When comparing the two methods, the biometric method is still struggling with scaling, though some bio-based vendors are incorporating machine learning to try and overcome that, as well as disagreements in the exact definitions and methods to use. In contrast, the predominantly proxy-based vendors, led by third-party solutions like IAS (which does incorporate eye-tracking as a sub-component) and DoubleVerify, have newer attention metrics, and are still building out proof points and refining their methodologies. Ultimately neither method is a clear winner at this point, and the customers for the two are largely different (TV vs. digital), meaning that we will see both versions in the market, with different media types using each, leading to fragmentation and a failure of attention as a cross-channel currency.

THE DEBATE
Regarding the second question of the role of attention as a pre-bid solution or optimization, the division on this is aligned with the division in the methodology above. The biometric vendors agreed that while attention is a valid effectiveness measure (the ad achieving a desired goal), it should not be used for optimization. There are several reasons for this:

  1. Research shows that biometric attention (for lack of a better differentiator between the approaches) is impacted most significantly by context and environment, even when the business outcome is constant. An ad that achieves the same level of brand recognition in-feed vs. in-stream will have wildly different attention scores because consumer behavior is inherently different by format and activity. Sophie MacIntrye of Meta and Bill Harvey Consulting presented a study examining attention across devices and platforms, demonstrating this effect. The implication is that baseline biometric attention is not a meaningful predictive measure to compare outcomes by device or platform where the ultimate format experiences differ.

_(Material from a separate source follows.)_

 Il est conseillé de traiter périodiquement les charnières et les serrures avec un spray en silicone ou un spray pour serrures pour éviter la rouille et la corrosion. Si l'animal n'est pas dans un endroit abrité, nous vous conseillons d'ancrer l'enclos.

  2. Consistent with all biometric attention methods is the need for user-level normalization to get meaningful results. People’s baseline physiologies are wildly different, and you can’t compare raw biometric data from one person to another and expect to gain insight into the stimulus (e.g., ad being tested). Instead, you will most likely pick up underlying differences between people. Marc Guldimann of Adelaide, one of the biometric-based vendors with a scaled measure, noted, “When you take this simplistic measure of attention time or duration in the wild, you see that a metric that is good as analysis, fails when you start to optimize it,” referencing research that showed older or intoxicated people pay attention to ads longer. Without user level inputs, or at least normalizing all inputs to as granular a level as possible, this measure fails to be predictive of the stimuli’s impact and instead is optimizing for user behaviors that are not tied to business outcomes (like Click-Through Rate optimization delivering “clicky” people or Video View optimization delivering “viewy” people). Guldimann further referenced Goodhart’s Law: “When a measure becomes a target, it ceases to be a good measure.”

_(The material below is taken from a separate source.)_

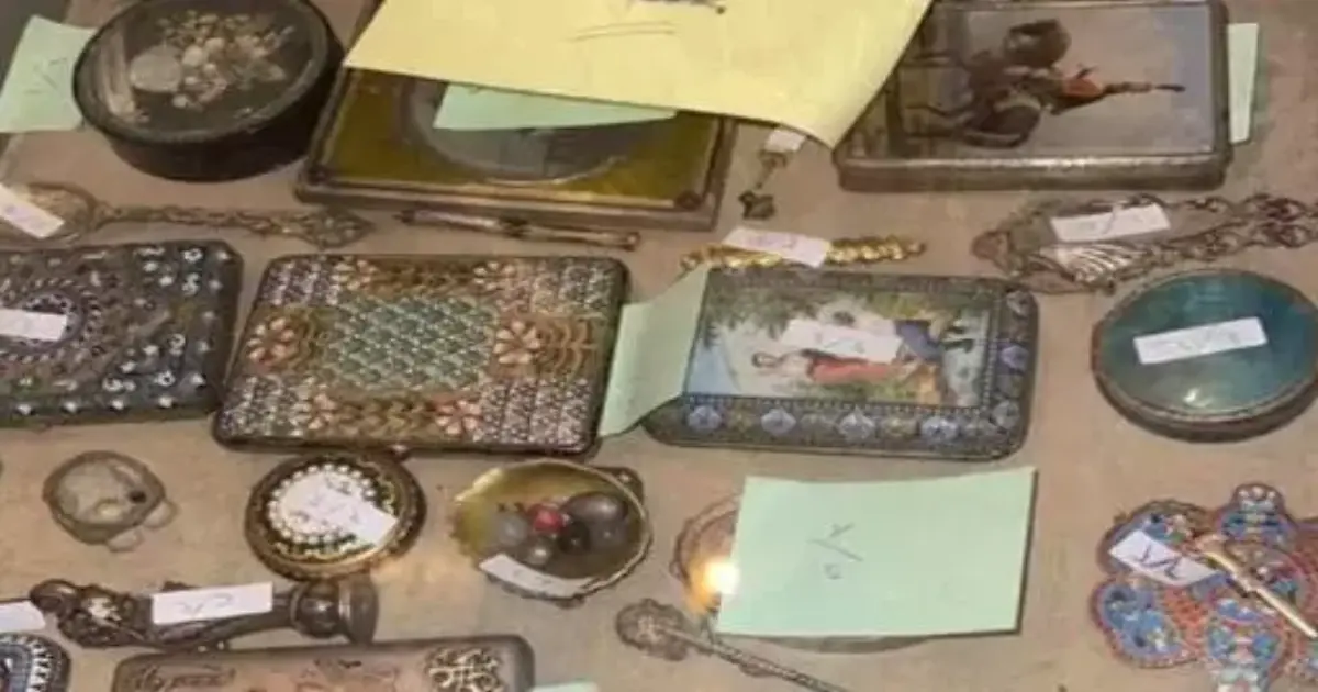 عثرت الأجهزة الأمنية، على أوسمة تاريخية تعود للعصر الملكي، وعدد لا حصر له من المشغولات الذهبية والتحف النادرة، إضافة إلى الأحجار الكريمة التي غطت مساحة الشقة بالكامل.

  3. The most significant risk with the industry’s shift toward attention is the question of consumer safety. Assuming that the industry can create a scalable attention metric with which to optimize without building the metric to be as close to an individual causal model as possible, we are motivating the proliferation of clickbait and sensationalist content. When we look at aggregated proxy metrics for engagement, we see that the more extreme the content, the higher the probability of engagement; this sets a dangerous model for the quality of ads and, in the case of publisher optimization, content. Any pre-bid solution or optimization ought to provide transparency into their models and explicitly address these concerns before going to market.

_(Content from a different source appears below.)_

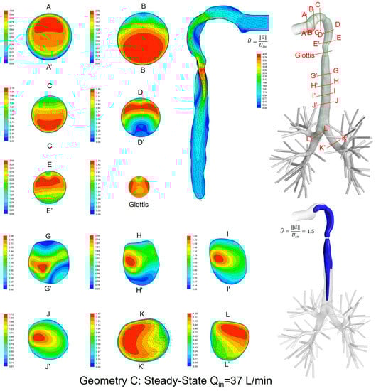 Indeed, Figure 6, Figure 7, Figure 8, Figure 9 and Figure 10 indicate that laryngeal jet cores deviate from the trachea centerlines with highly distinguished patterns in all three geometries for different inhalation flow rates. For example, the jet core impacts the front right trachea in Geometry C, the front left trachea in Geometry B, and the back left trachea in Geometry A, respectively. No common characteristics were discovered, due to the highly different geometric characteristics among the three geometries. Furthermore, Figure 10 indicates that the constriction ratio has an impact on the length of the jet core. Specifically, a small constriction ratio generates a stronger jet core with a longer core length (Geometry C vs. Geometry A).

While the biometric attention vendors aligned on the overarching point of view that attention is not for optimization, the lack of pre-bid attention vendors on stage made it hard to know how they are addressing these issues. While none of the above are impossible to handle, they require explicit consideration within the products, something that the proxy-based attention vendors have yet to discuss publicly. This makes the ARF’s Attention Measurement Validation Initiative so important, as it can begin to unpack some of the thornier issues surrounding this controversial, multi-faceted metric.